I was going to write a page about an
article from Phrack, an old-school hacking e-zine. It wasn't about
hacking, but was about how to make yourself happy by “hacking the
idea of happiness”, using various studies to figure out some
interesting unintuitive solutions. It had some cool points, and I had
things to talk about, but I didn't post it. I didn't because I was
scared that if someone traced me back to reading Phrack it could
potentially cost me jobs in the future. If I decide at one point to
work in government, or do anything in the cybersecurity industry, it
could be a bad mark on my permanent record. In my mind, if when I'm
in college I write about reading an article that is associated with a
hacker e-zine, it's almost the same as having a felony in practice on
my resume.
I'm not a hacker. I haven't done
anything. I just read stuff on line that seems interesting, but now
I'm scared to associate myself with even visiting a
website. These are websites that aren't illegal, and I'm
posting from an anonymized blog. I should be pretty secure, and even
then it shouldn't even matter if I'm secure because I'm not doing
anything bad. However, I was scared of literally writing an anonymous
blog entry online about something that is barely arguably
controversial.
This got me to thinking, am I too
paranoid?
That's what this blog is about.
Realistically, somebody who googles the name “REDACTED” would not
find this blog. However, a more in-depth background screen might.

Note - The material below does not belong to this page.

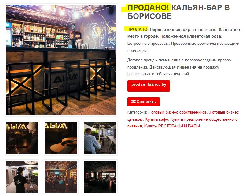 ПРОДАНО! КАЛЬЯН-БАР в Борисове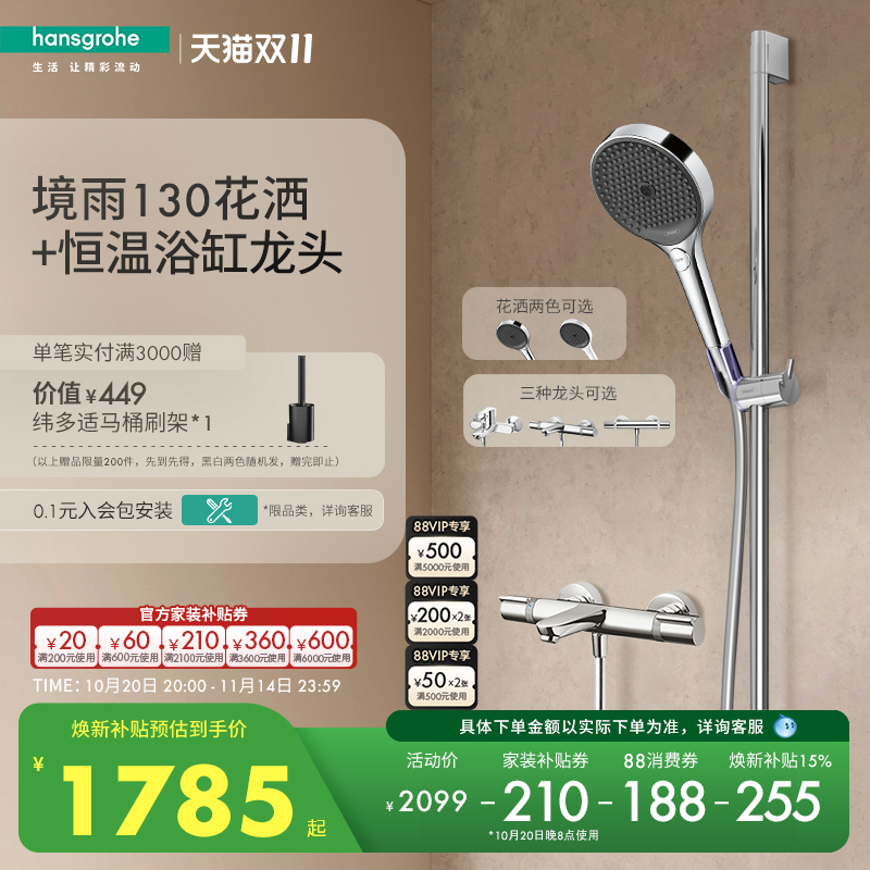 汉斯格雅hansgrohe境雨130手持恒温浴缸龙头淋浴花洒套装官方正品

Then the question comes up: If this blog DID show up in a background
check, would it matter?
One of my professors had worked on a
program before she worked at Stevens to find “at-risk” employees.
This was intended to find “outliers” who might be the Edward
Snowden of their respective companies. However, finding outliers is
hard, so it ended up resulting in saying an employee who visited the
wikileaks website once is a high risk indiviidual.
If the background check uses something
like that, then this blog would be bad to find.
The bright side is maybe I don't want
to work for a company that has a system like that in place (not
because it doesn't make sense, but because it isn't accurate). When I
was 14 I did a few dumb things online so I couldn't “become some
corrupt politician” in the future. That was kind of dumb but the
bright side is this blog entry could be the same kind of thing.